* The Liberal Democrat Party is clearly taking the threat posed by the youthful Conservative leader David Cameron very seriously indeed.
But whereas the Tories are capitalising on their new leader's youth appeal by signing up the headline-prone ageing rock star Bob Geldof as an "advisor", the Lib Dems are looking to scoop the youth vote by electing the youngest-ever local party president in British history.
A 12-year-old boy by the name of Oliver Smith was elected unanimously by the Amber Valley Liberal Democrats at their recent Annual General Meeting, and will serve in office for a year from 1 January. The budding politician replaces Keith Falconbridger, who is believed to be in his mid-fifties, and who will become Chairman of the local party instead.
"Ollie and I talked about this at length before the meeting," his mother, Lib Dem Councillor Kate Smith, tells me. "He is going to turn 13 at the end of February, so this seemed the sensible time to go for it - before he begins his GCSEs with all the extra work that will entail."
Smith's main campaigning issues are, understandably, connected to education. He is vehemently opposed to university fees, and keen to look at ways of reforming school education.
"He is also very keen to get Blair and Brown out of office," adds his mother. "But we believe that David Cameron is just a flash in the pan."
* Who'd have thought that of all the parts of Madonna's body that might end up causing a public row, her eyelashes would have come up trumps.
The 47-year-old singer appeared on The Late Show with David Letterman in America in October, sporting a very splendid set of lash extensions made - believe it or not - of mink and diamonds and reportedly worth over £5,000.
According to their designer, Sol Rafael, Madge has held on to the creations ever since, despite his belief that they were only on loan to her.
"Sol was drafted in by Madonna's stylist, but didn't realise that she planned to keep the lashes after the show," I am told.
"He is flattered, of course, that someone with as large a wardrobe as Madonna wants to add his designs to it, but he feels that he deserves some recognition, at least."
When Pandora contacted Madonna's spokesperson yesterday, she was unable to comment on the row.
* At last, Sir Cliff Richard has broken his silence on why he is prepared to give the Prime Minister free holidays in the Caribbean.
"I never charge any of my friends when they come," he says.
"They donate money to a charity instead, but I don't see why they should have to do that either. I like [Tony] as a person. I've found him very easy to be with. I've never ever talked politics with him. We've talked about spiritual things.
"He likes talking about rock and roll, and what I'm doing."
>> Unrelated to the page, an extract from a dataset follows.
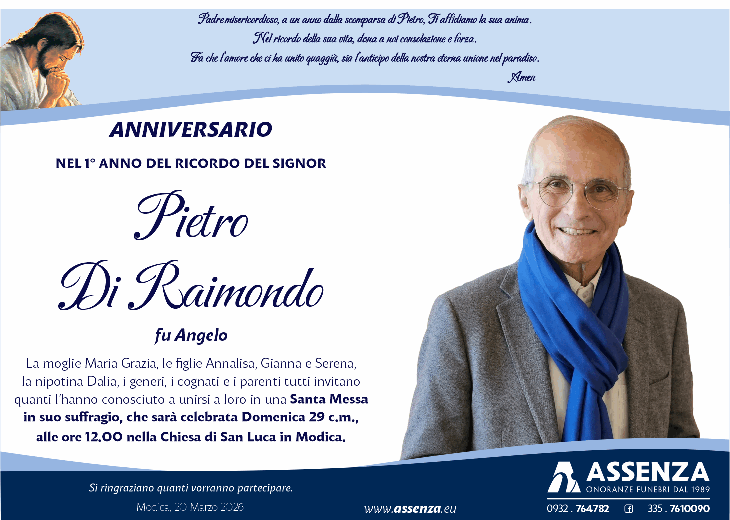 Padre misericordioso, a un anno dalla scomparsa di Pietro, Ti affidiamo la sua anima.

Flattery will get you to the Bahamas, at least.
* The Irish actress Geraldine Hughes has been enjoying considerable success in the United States with her one-woman show about growing up in sectarian Ireland, called Belfast Blues.
It's rather a departure from this, then, that sees Hughes cast opposite Sylvester Stallone as the love interest in Rocky Balboa, the sixth and final film in his boxing series.
"She's done well on stage and particularly on Broadway, but if you want to make it as an actor, you need to conquer Hollywood," says a friend of Hughes. "And, let's be honest, it's pretty easy to look good opposite Stallone these days."
Intriguingly, Sly's own son, Sage Stallone, will not be reprising his role as Rocky's son for the film.
* The environment looks set to play an ever-increasing role in national politics. It's good to hear, therefore, that the weather presenter Sian Lloyd - who is soon to marry the Lib Dem MP Lembit Opik - takes a keen interest in recycling.
"I grumbled about recycling in London because the apartment I live in is in a particularly awkward place for recycling," she tells Pandora. "So I find it difficult to make sure my paper and bottles go to the right places. I now do the slightly crazy thing of putting all my bottles in the boot of the car and dropping them off at the recycling depot in Montgomeryshire."
Not entirely overlooking the pesky fact of car exhaust pollution, she adds:
"I realise there is an irony in there somewhere."